**Dataset records:**
================
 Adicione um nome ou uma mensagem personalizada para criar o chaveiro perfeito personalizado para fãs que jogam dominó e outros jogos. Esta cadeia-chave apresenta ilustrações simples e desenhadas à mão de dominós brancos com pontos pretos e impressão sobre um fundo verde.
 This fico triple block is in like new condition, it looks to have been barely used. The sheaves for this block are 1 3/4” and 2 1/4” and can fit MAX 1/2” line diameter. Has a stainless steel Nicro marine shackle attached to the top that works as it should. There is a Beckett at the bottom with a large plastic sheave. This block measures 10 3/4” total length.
================
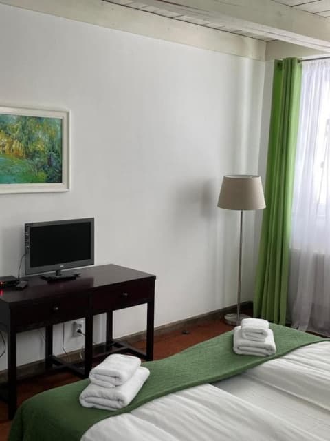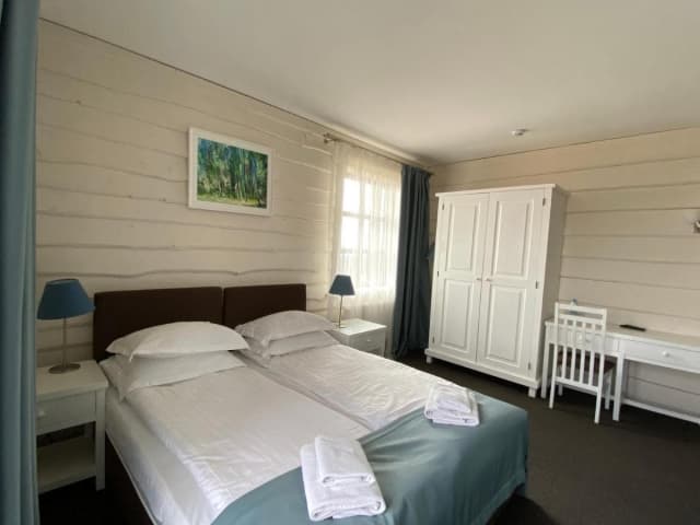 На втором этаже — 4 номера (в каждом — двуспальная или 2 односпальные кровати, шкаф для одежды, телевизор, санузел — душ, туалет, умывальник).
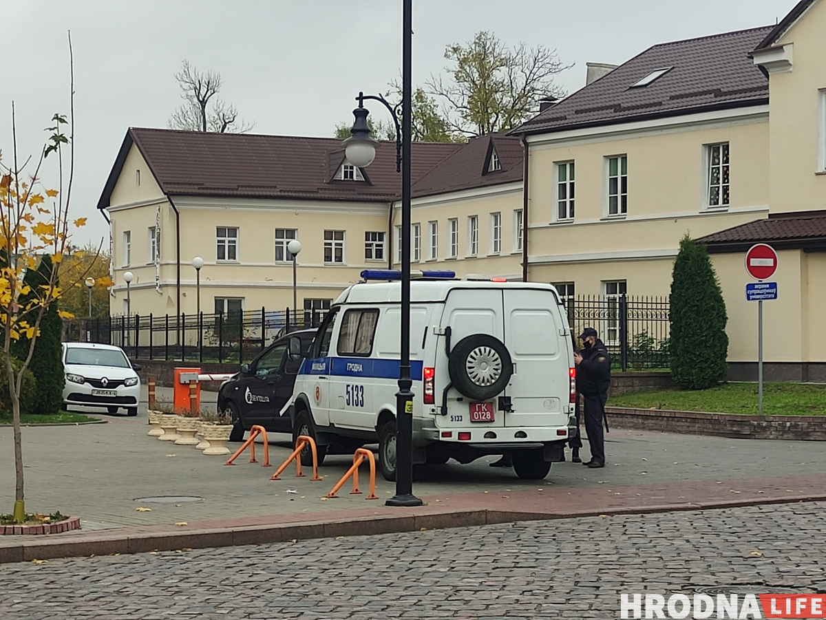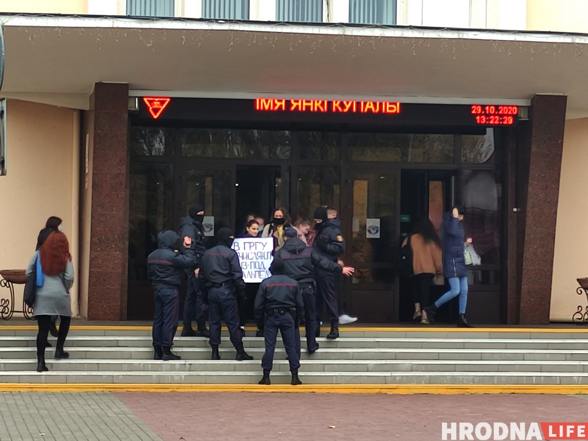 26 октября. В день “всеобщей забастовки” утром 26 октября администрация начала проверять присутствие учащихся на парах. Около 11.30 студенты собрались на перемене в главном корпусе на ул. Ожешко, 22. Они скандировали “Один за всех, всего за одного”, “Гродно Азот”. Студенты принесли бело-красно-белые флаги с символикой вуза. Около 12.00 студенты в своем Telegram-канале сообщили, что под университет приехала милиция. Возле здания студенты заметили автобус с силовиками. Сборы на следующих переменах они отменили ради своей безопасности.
================
**What is being asked:** Extract exactly and only the lines above from the line containing "Adicione um nome" through the line containing "This fico triple", both end lines included.

**The answer:**
 Adicione um nome ou uma mensagem personalizada para criar o chaveiro perfeito personalizado para fãs que jogam dominó e outros jogos. Esta cadeia-chave apresenta ilustrações simples e desenhadas à mão de dominós brancos com pontos pretos e impressão sobre um fundo verde.
 This fico triple block is in like new condition, it looks to have been barely used. The sheaves for this block are 1 3/4” and 2 1/4” and can fit MAX 1/2” line diameter. Has a stainless steel Nicro marine shackle attached to the top that works as it should. There is a Beckett at the bottom with a large plastic sheave. This block measures 10 3/4” total length.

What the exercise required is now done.